Java 无法用Lingpipe标识西班牙语文本,java,nlp,lingpipe,Java,Nlp,Lingpipe,几天前,我正在开发一个java服务器来保存一组数据并识别其语言,所以我决定使用lingpipe来完成这样的任务。但我面临一个问题,在训练代码并用两种语言(英语和西班牙语)评估代码后,我无法识别西班牙语文本,但我用英语和法语获得了成功的结果 为了完成此任务,我遵循的教程是: 下面是我为完成任务而采取的步骤: 训练语言分类器所遵循的步骤 ~1.首先将英文和西班牙文元数据放在一个名为leipzig的文件夹中,并将其解包,如下所示(注意:元数据和句子来自): ~2.第二步将压缩后的语言元数据解包到解包

几天前,我正在开发一个java服务器来保存一组数据并识别其语言,所以我决定使用lingpipe来完成这样的任务。

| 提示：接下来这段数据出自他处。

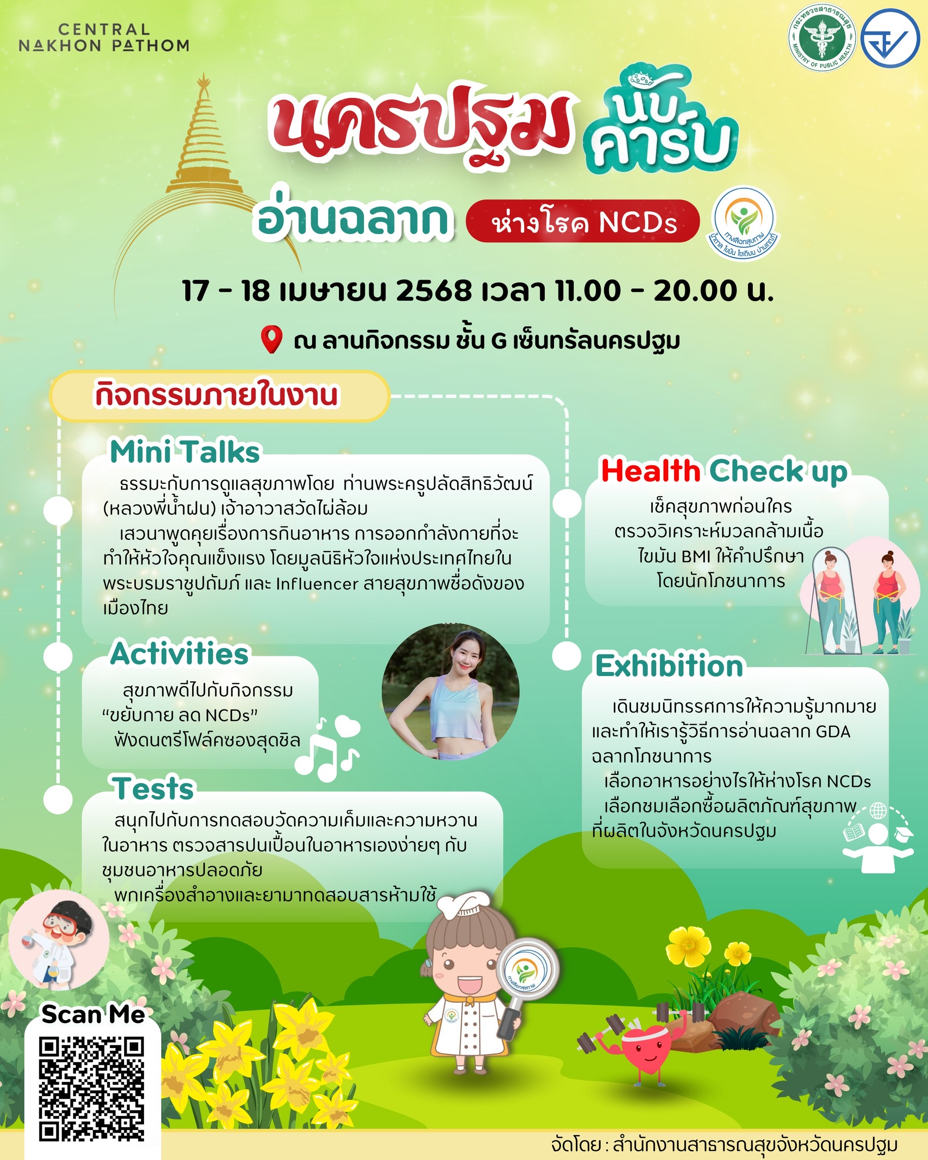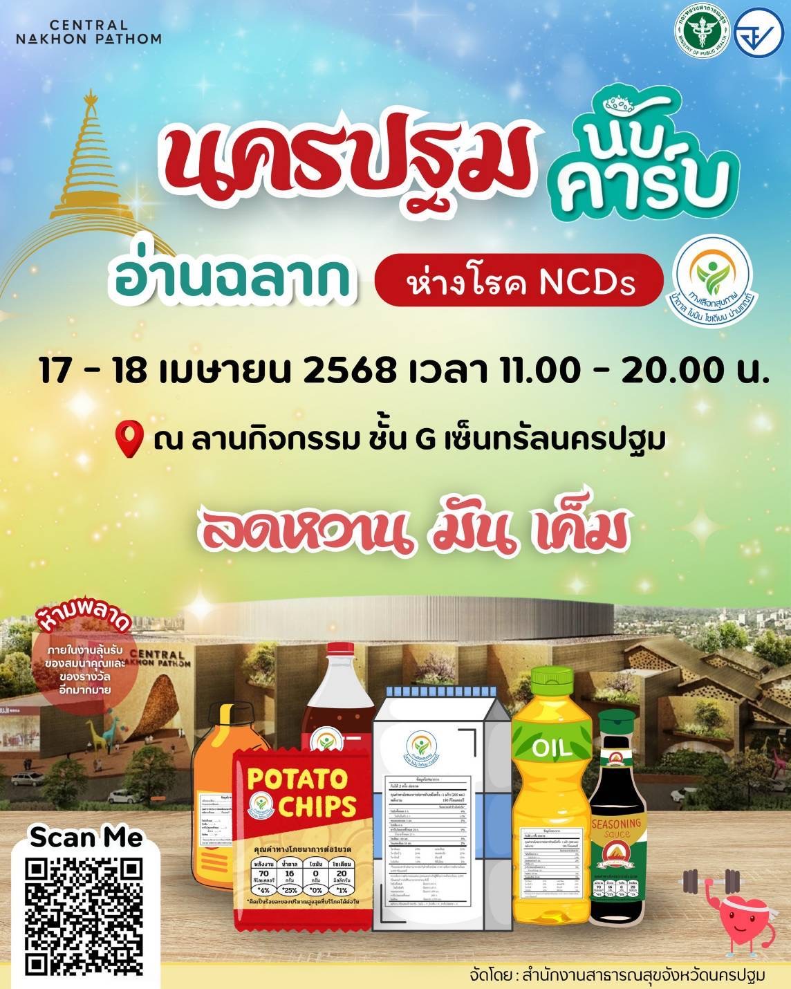 นายแพทย์วิโรจน์ กล่าวปิดท้าย สำนักงานสาธารณสุขจังหวัดนครปฐมได้ตระหนักถึงเรื่องดังกล่าวจึงได้มีการจัดงานนครปฐมนับคาร์บ อ่านฉลากห่างโลก NCDs ซึ่งจะจัดขึ้นในวันที่ 17-18 เมษายน 2568 ตั้งแต่เวลา 11.00-20.00 น. ณลานกิจกรรม ชั้นG เซ็นทรัลนครปฐม โดยมีกิจกรรมที่หลากหลายซึ่งขอเชิญชวนประชาชนทั่วไปเข้าร่วมกิจกรรมและหาความรู้ในนิทรรศการและการเสวนาที่จะมีบุคลากรทางการแพทย์และมีกิจกรรมในการร่วมชิงรางวัลมากมายซึ่งประชาชนที่เข้ามา ภายในงานก็จะได้รับความรู้กลับไปและหากนำ ไปปฏิบัติก็จะเกิดประโยชน์กับ การดูแลสุขภาพอนามัยให้มีความแข็งแรงและอายุยืนยาวปลอดจากโรคในกลุ่มนี้ได้เป็นอย่างดี ซึ่งจะส่งผลถึงสุขภาพโดยรวมที่ดีขึ้นของคนนครปฐมด้วย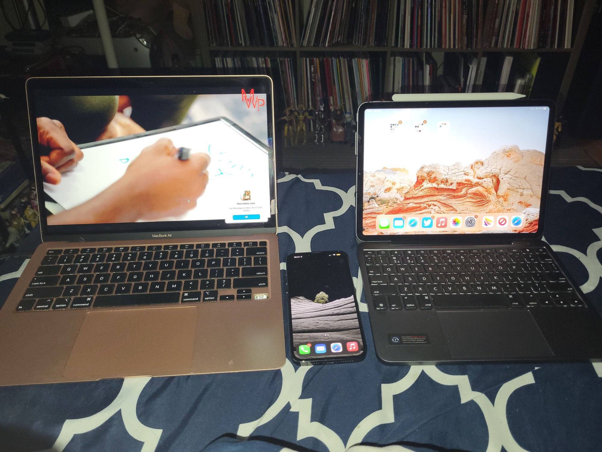 An update on my current set up.Using the 2021 12.9” iPP with no case (looking to get a DBrand skin eventually). I normally use a Folio type case, but I created a Magic Keyboard-like dock for when I’m at the desk. But when I undock it from my stand… I use this portable stand.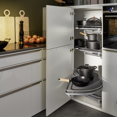 In Ecken wäre es besonders lästig, in den Schrank krabbeln zu müssen. Der LeMans zum Beispiel legt sich für Sie in die Kurve und erlaubt es Ihnen, Töpfe und Pfannen auf verstellbaren Böden bequem zu sich zu schwenken.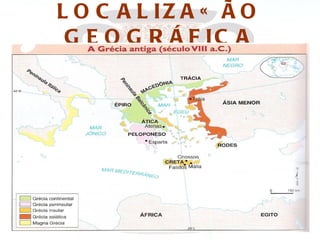 O documento resume a história da Grécia Antiga, desde a imigração indo-européia no período pré-homérico até o período helenístico após as conquistas de Alexandre Magno. Aborda aspectos como as primeiras civilizações gregas, o surgimento das pólis como Atenas e Esparta, as guerras médicas, a democracia ateniense, e a influência da Macedônia sobre a Grécia.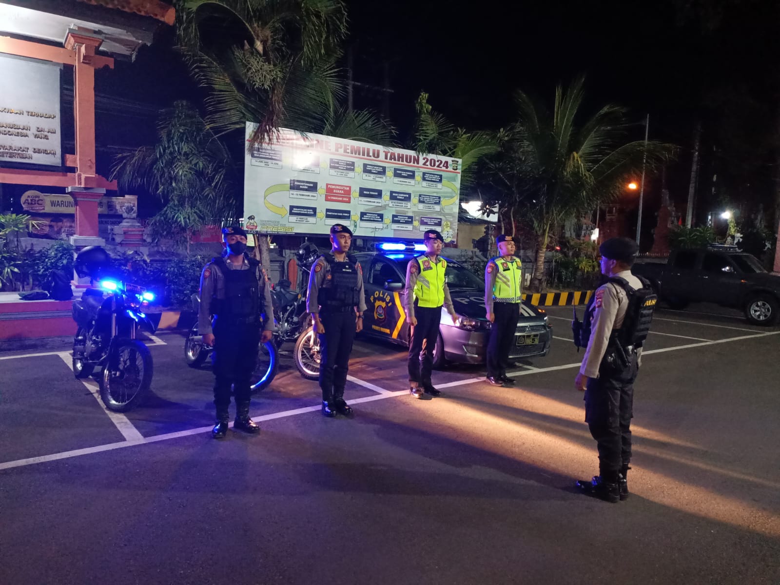 Kegiatan patroli malam dilaksanakan oleh Unit Raimas yang dipimpin oleh Aiptu I Wayan Sudiarta, S.Sos. dbersama Briptu I Made Darma Putra dan. Bripda I Gede Wahyu Juniarta.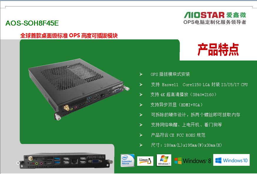 深圳市爱鑫微电子有限公司为更好的配合不同厂家的要求,可提供OPS主板与OPS准系统的方案配合各个广告机,触控一体机厂家,多媒体壁挂式教学一体机,数字标牌,录播触控一体机,同时保证所提供OPS主板与OPS插拔式电脑/OPS-C插拔式电脑主机是完全按照INTEL OPS规范定义的,完全支持鸿合教育一体机、东方中原教育一体机、创维教育一体机、康佳教育一体机、中银液晶触控一体机、中电数码教育一体机、海尔触控一体、TCL触控一体机、KTC/HKC/HPC等各大交互式教育触控一体机厂家,爱鑫微电子提供专业的定制化服务OEM/ODM.现阶段我司已推出了一系列OPS电脑方案如下: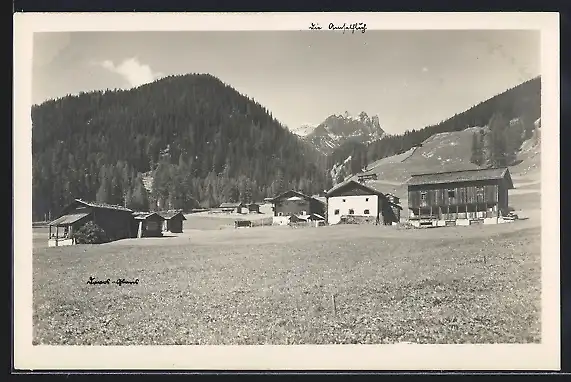 AK Arosa, Amselfluh /Landwassertal, Ortsansicht mit Bergspitze im Hintergrund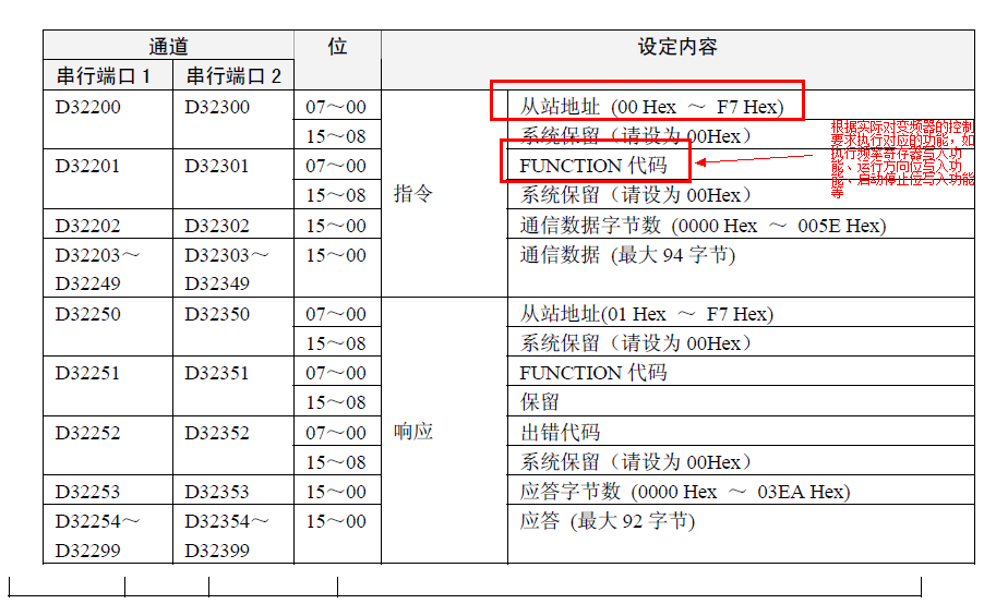 4.不同的PLC發(fā)送Modbus-RTU命令使用的IO存儲(chǔ)器地址不同,控制字也不一樣,需要具體對(duì)待。歐姆龍PLC分配情況如下所示:
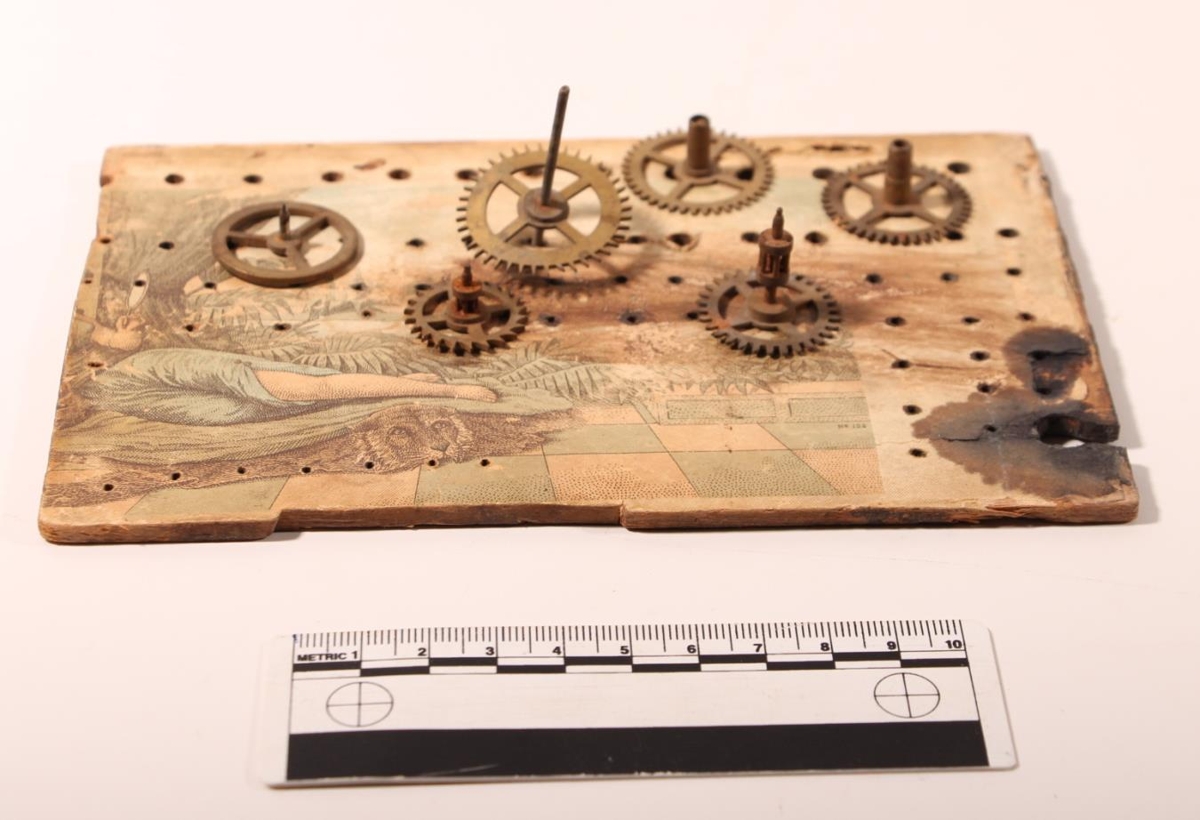 Boramát úr þunnri furufjöl. Lok af vindlakassa. Með mynd. Götin eru misstór. Frá Jörgen Fr. Michelsen, úrsmið á Sauðárkróki. Gefandi er Aage Michelsen frá Sauðárkróki.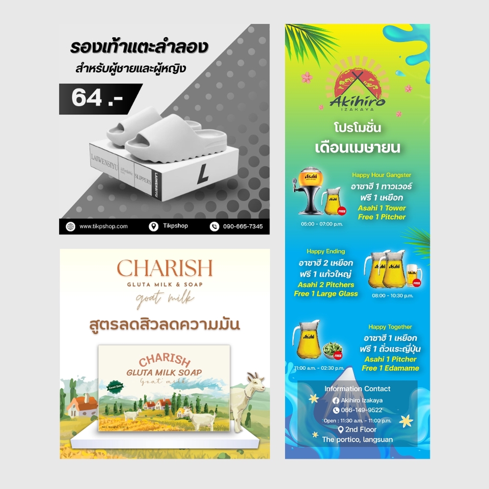 ออกแบบ แบนเนอร์, โปสเตอร์, โบรชัวร์, เมนู, ป้ายไวนิล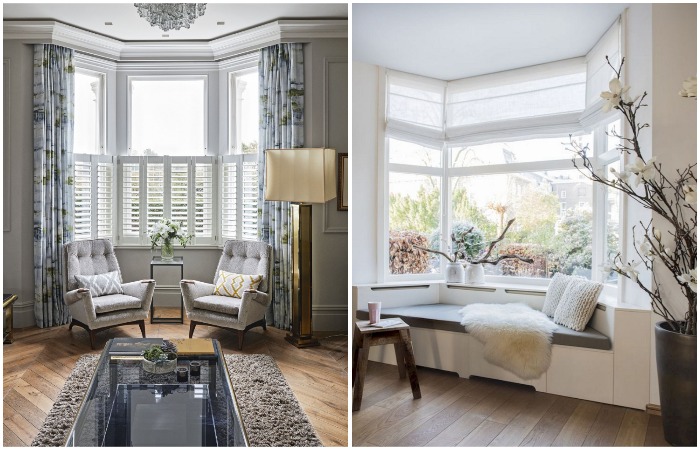Для эркерного окна важно правильно подобрать шторы, чтобы оно гармонировало с дизайном всей комнаты. Так вы сможете его сделать главным акцентом в интерьере. В этом вопросе важно ориентироваться на предназначение комнаты, а также ваши собственные пожелания. Если окно выходит на солнечную сторону, и вы хотите спрятаться от ярких лучей, используйте деревянные жалюзи, рулонные, римские или австрийские шторы. Мечтаете наслаждаться красивым видом из окна? Тогда идеальным вариантом станет легкий, полупрозрачный тюль. Что касается плотных гардин, то их следует использовать лишь в том случае, если эркер находится в спальне.

但我面临一个问题,在训练代码并用两种语言(英语和西班牙语)评估代码后,我无法识别西班牙语文本,但我用英语和法语获得了成功的结果

为了完成此任务,我遵循的教程是:

下面是我为完成任务而采取的步骤: 训练语言分类器所遵循的步骤

~1.首先将英文和西班牙文元数据放在一个名为leipzig的文件夹中,并将其解包,如下所示(注意:元数据和句子来自):

~2.第二步将压缩后的语言元数据解包到解包文件夹中

unpacked                                    //Folder
    eng_news_2015_300K          //Folder with the english metadata 
        eng_news_2015_300K-co_n.txt
        eng_news_2015_300K-co_s.txt
        eng_news_2015_300K-import.sql
        eng_news_2015_300K-inv_so.txt
        eng_news_2015_300K-inv_w.txt
        eng_news_2015_300K-sources.txt
        eng_news_2015_300K-words.txt
        sentences.txt
    spa-hn_web_2015_300K                    //Folder with the spanish metadata 
        sentences.txt
        spa-hn_web_2015_300K-co_n.txt
        spa-hn_web_2015_300K-co_s.txt
        spa-hn_web_2015_300K-import.sql
        spa-hn_web_2015_300K-inv_so.txt
        spa-hn_web_2015_300K-inv_w.txt
        spa-hn_web_2015_300K-sources.txt
        spa-hn_web_2015_300K-words.txt
~3.然后咀嚼每个句子,删除行号、制表符,并用单空格字符替换换行符。使用UTF-8 unicode编码统一编写输出(注意:Lingpipe站点的munge.java)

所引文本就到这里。